## Given entries
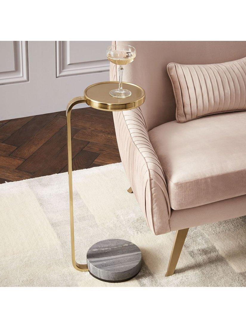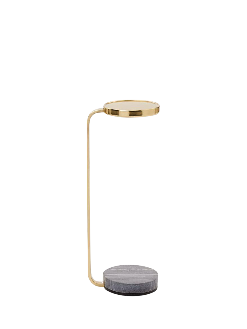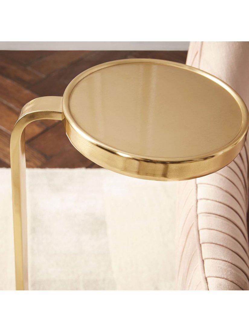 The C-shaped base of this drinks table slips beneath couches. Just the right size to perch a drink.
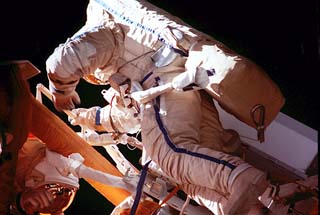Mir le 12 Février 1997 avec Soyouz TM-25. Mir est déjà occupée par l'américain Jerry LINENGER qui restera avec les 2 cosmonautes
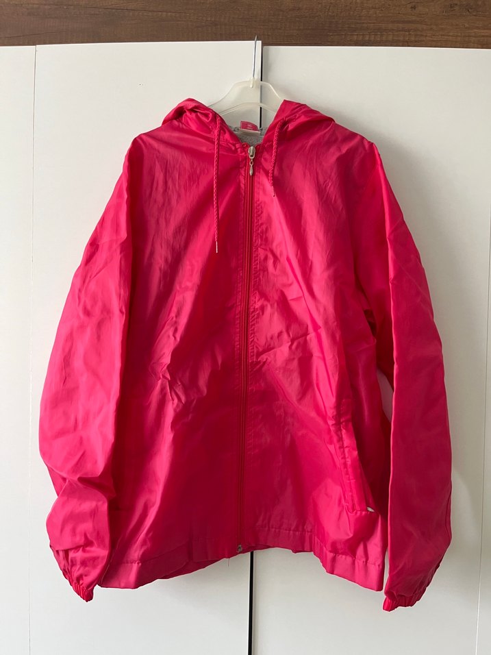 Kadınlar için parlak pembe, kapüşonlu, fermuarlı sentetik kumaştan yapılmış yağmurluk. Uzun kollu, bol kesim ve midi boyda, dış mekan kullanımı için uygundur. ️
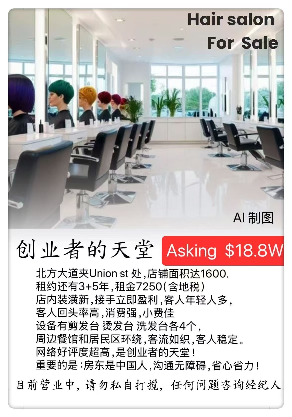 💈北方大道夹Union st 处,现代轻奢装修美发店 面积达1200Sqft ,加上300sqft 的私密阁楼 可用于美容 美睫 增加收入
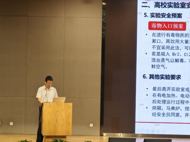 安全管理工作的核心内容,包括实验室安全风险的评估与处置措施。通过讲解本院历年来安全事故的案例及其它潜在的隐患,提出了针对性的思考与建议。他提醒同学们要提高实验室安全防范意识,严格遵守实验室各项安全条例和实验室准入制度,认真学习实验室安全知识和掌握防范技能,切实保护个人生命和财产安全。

## Task brief
The data must be reproduced exactly, and no picture may appear in the copy.

## Solution below
 The C-shaped base of this drinks table slips beneath couches. Just the right size to perch a drink.
Mir le 12 Février 1997 avec Soyouz TM-25. Mir est déjà occupée par l'américain Jerry LINENGER qui restera avec les 2 cosmonautes
 Kadınlar için parlak pembe, kapüşonlu, fermuarlı sentetik kumaştan yapılmış yağmurluk. Uzun kollu, bol kesim ve midi boyda, dış mekan kullanımı için uygundur. ️
 💈北方大道夹Union st 处,现代轻奢装修美发店 面积达1200Sqft ,加上300sqft 的私密阁楼 可用于美容 美睫 增加收入
 安全管理工作的核心内容,包括实验室安全风险的评估与处置措施。通过讲解本院历年来安全事故的案例及其它潜在的隐患,提出了针对性的思考与建议。他提醒同学们要提高实验室安全防范意识,严格遵守实验室各项安全条例和实验室准入制度,认真学习实验室安全知识和掌握防范技能,切实保护个人生命和财产安全。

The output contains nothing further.